◆ What the task requires
Transcribe every entry verbatim; omit pictures.

◆ Extracted material
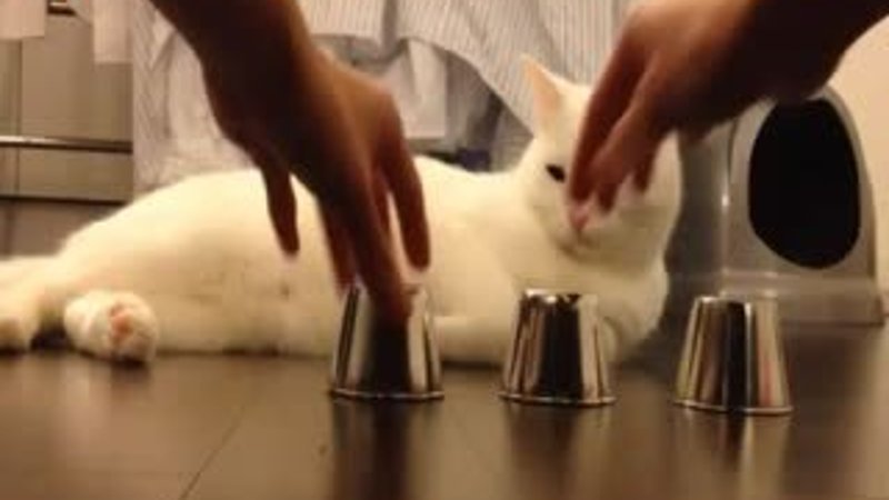 Kedinin bardakların içerisindeki topu bulması şaşırttı
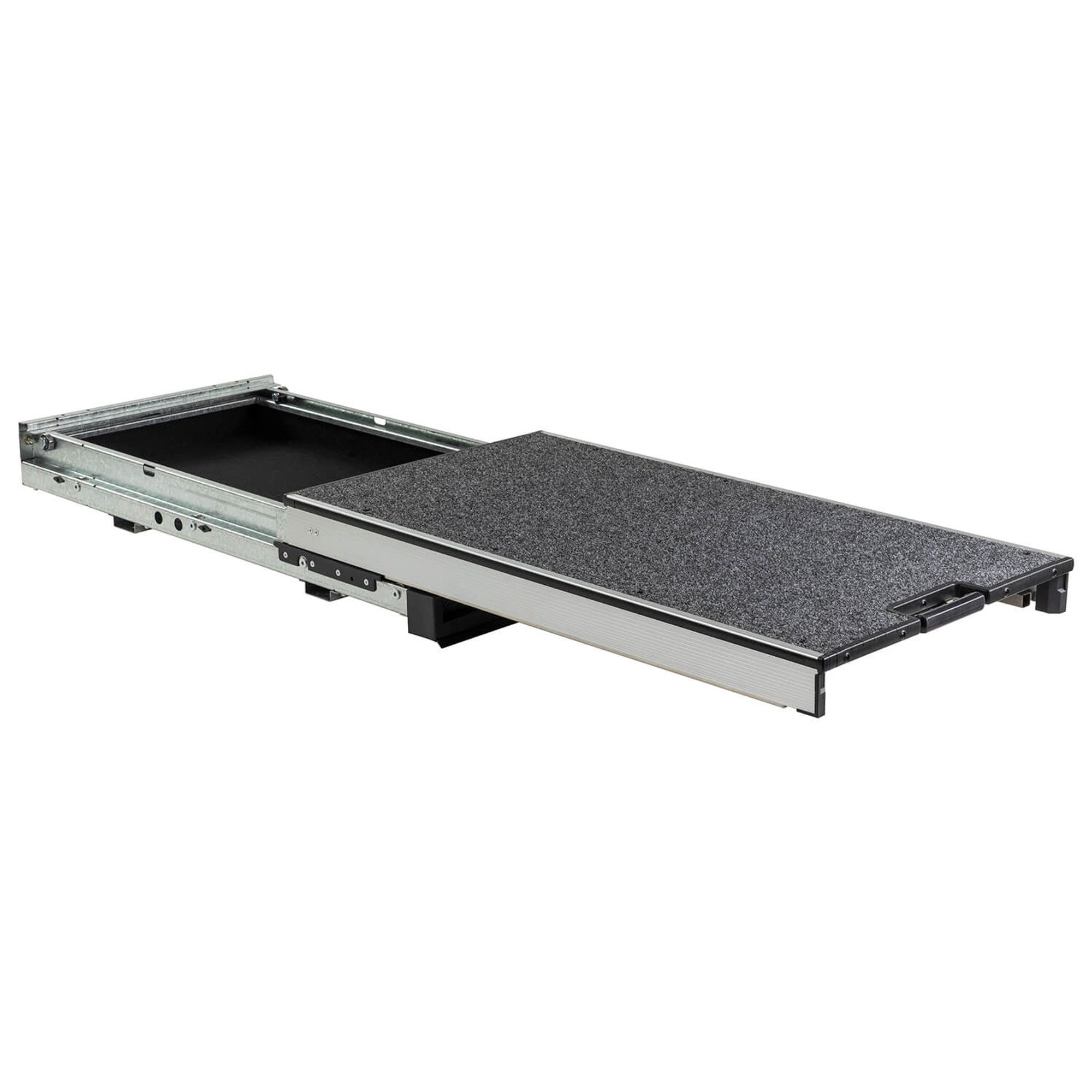 Roller Floor is a fantastic new product. The Roller Floor sits only 140 mm off the vehicle floor, enabling lower mounting and easier access to items such as fridges or tool boxes. The Roller maximizes storage space with an incorporated slide out tray. When not housing a refrigerator, the Roller Floor has a flat top thats far more convenient to sit other items on than a traditional steel fridge slide. Ever tried to sit your groceries on top of a traditional fridge slide? ;
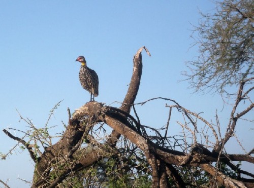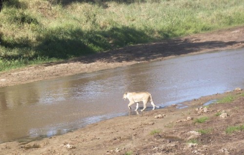 Early the next day we set out to explore the park in a different direction than the day before. Our driver-guides could not promise what we might see in the bush; however, their eagle eyes never disappointed us. They could spot an animal far away, even without the aid of binoculars. On the ground or perched on trees was a wealth of birds, such as red-beaked hornbill, yellow-necked spur fowl, and kori bustard. We were fortunate to see a lion close up, as we waited patiently and quietly for her to approach our jeep. Enjoying the shade provided by the jeep, she surveyed the surroundings. She must not have been hungry enough to dart off after an animal; instead she walked away, heading toward the river, and disappeared after crossing the shallow waters.
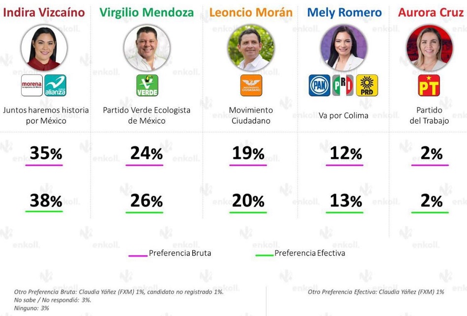 De acuerdo con este estudio demoscópico, Mendoza Amezcua obtuvo el 26% en la intención al voto, Leoncio Morán el 20%, Mely Romero del PRI, PAN y PRD el 13%
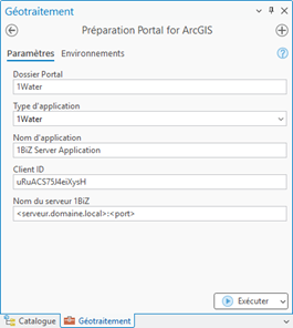 Paramètres : ► Dossier Portal : nom du dossier de rangement Portal qui doit contenir l’application et les autres éléments à créer ; ► Type de l’application : choix parmi les applications mobiles du serveur 1BiZ : - 1Water - 1Lighting ► Nom de l’application : libellé de l’application Portal pour information ; ► Client ID : clé d’identification OAuth2 pour le serveur 1BiZ ; ►
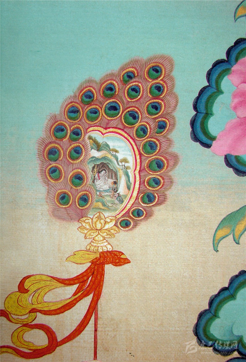 當(dāng)然,我們可以從存世的作品上印證他的這種能力。比如是在《如意寶藤之釋迦牟尼》中:左側(cè)侍女手持一把孔雀羽扇,在羽扇的中央是一塊約四平方厘米的畫屏;在這個(gè)小小的空間里面,郎卡杰描繪了一幅微縮的《修行圖》,圖中米拉日巴正在洞中苦修,洞口蹲伏著獵犬、鹿和獵人。畫中動物與人結(jié)構(gòu)準(zhǔn)確,五官準(zhǔn)確,須發(fā)清晰,衣紋細(xì)密流暢;山洞上的樹木能區(qū)分出樹干和樹葉;天空的白云有遠(yuǎn)近層次。在這不足盈寸的空間里,用毛筆刻畫這般細(xì)致,令人嘆為觀止。
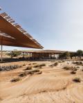The roof design features multiple slopes, with the interior ceiling following the same gradient. Through re-angled and multi-faceted eaves, the design successfully resolves the challenge of constructing double-curved surfaces, resulting in a lighter and more dynamic roofline. To address the region’s hot climate, the building is elevated to create a floating effect. The large overhanging eaves not only enhance energy efficiency but also provide generous shaded areas, offering visitors a cool and comfortable retreat in the dry heat.
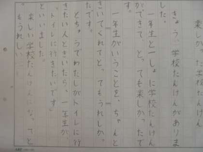 (下)作文です。学校たんけんでは、1年生を上手に案内しました。

◆ Exercise result
 Kedinin bardakların içerisindeki topu bulması şaşırttı
 Roller Floor is a fantastic new product. The Roller Floor sits only 140 mm off the vehicle floor, enabling lower mounting and easier access to items such as fridges or tool boxes. The Roller maximizes storage space with an incorporated slide out tray. When not housing a refrigerator, the Roller Floor has a flat top thats far more convenient to sit other items on than a traditional steel fridge slide. Ever tried to sit your groceries on top of a traditional fridge slide? ;
 Early the next day we set out to explore the park in a different direction than the day before. Our driver-guides could not promise what we might see in the bush; however, their eagle eyes never disappointed us. They could spot an animal far away, even without the aid of binoculars. On the ground or perched on trees was a wealth of birds, such as red-beaked hornbill, yellow-necked spur fowl, and kori bustard. We were fortunate to see a lion close up, as we waited patiently and quietly for her to approach our jeep. Enjoying the shade provided by the jeep, she surveyed the surroundings. She must not have been hungry enough to dart off after an animal; instead she walked away, heading toward the river, and disappeared after crossing the shallow waters.
 De acuerdo con este estudio demoscópico, Mendoza Amezcua obtuvo el 26% en la intención al voto, Leoncio Morán el 20%, Mely Romero del PRI, PAN y PRD el 13%
 Paramètres : ► Dossier Portal : nom du dossier de rangement Portal qui doit contenir l’application et les autres éléments à créer ; ► Type de l’application : choix parmi les applications mobiles du serveur 1BiZ : - 1Water - 1Lighting ► Nom de l’application : libellé de l’application Portal pour information ; ► Client ID : clé d’identification OAuth2 pour le serveur 1BiZ ; ►
 當(dāng)然,我們可以從存世的作品上印證他的這種能力。比如是在《如意寶藤之釋迦牟尼》中:左側(cè)侍女手持一把孔雀羽扇,在羽扇的中央是一塊約四平方厘米的畫屏;在這個(gè)小小的空間里面,郎卡杰描繪了一幅微縮的《修行圖》,圖中米拉日巴正在洞中苦修,洞口蹲伏著獵犬、鹿和獵人。畫中動物與人結(jié)構(gòu)準(zhǔn)確,五官準(zhǔn)確,須發(fā)清晰,衣紋細(xì)密流暢;山洞上的樹木能區(qū)分出樹干和樹葉;天空的白云有遠(yuǎn)近層次。在這不足盈寸的空間里,用毛筆刻畫這般細(xì)致,令人嘆為觀止。
The roof design features multiple slopes, with the interior ceiling following the same gradient. Through re-angled and multi-faceted eaves, the design successfully resolves the challenge of constructing double-curved surfaces, resulting in a lighter and more dynamic roofline. To address the region’s hot climate, the building is elevated to create a floating effect. The large overhanging eaves not only enhance energy efficiency but also provide generous shaded areas, offering visitors a cool and comfortable retreat in the dry heat.
 (下)作文です。学校たんけんでは、1年生を上手に案内しました。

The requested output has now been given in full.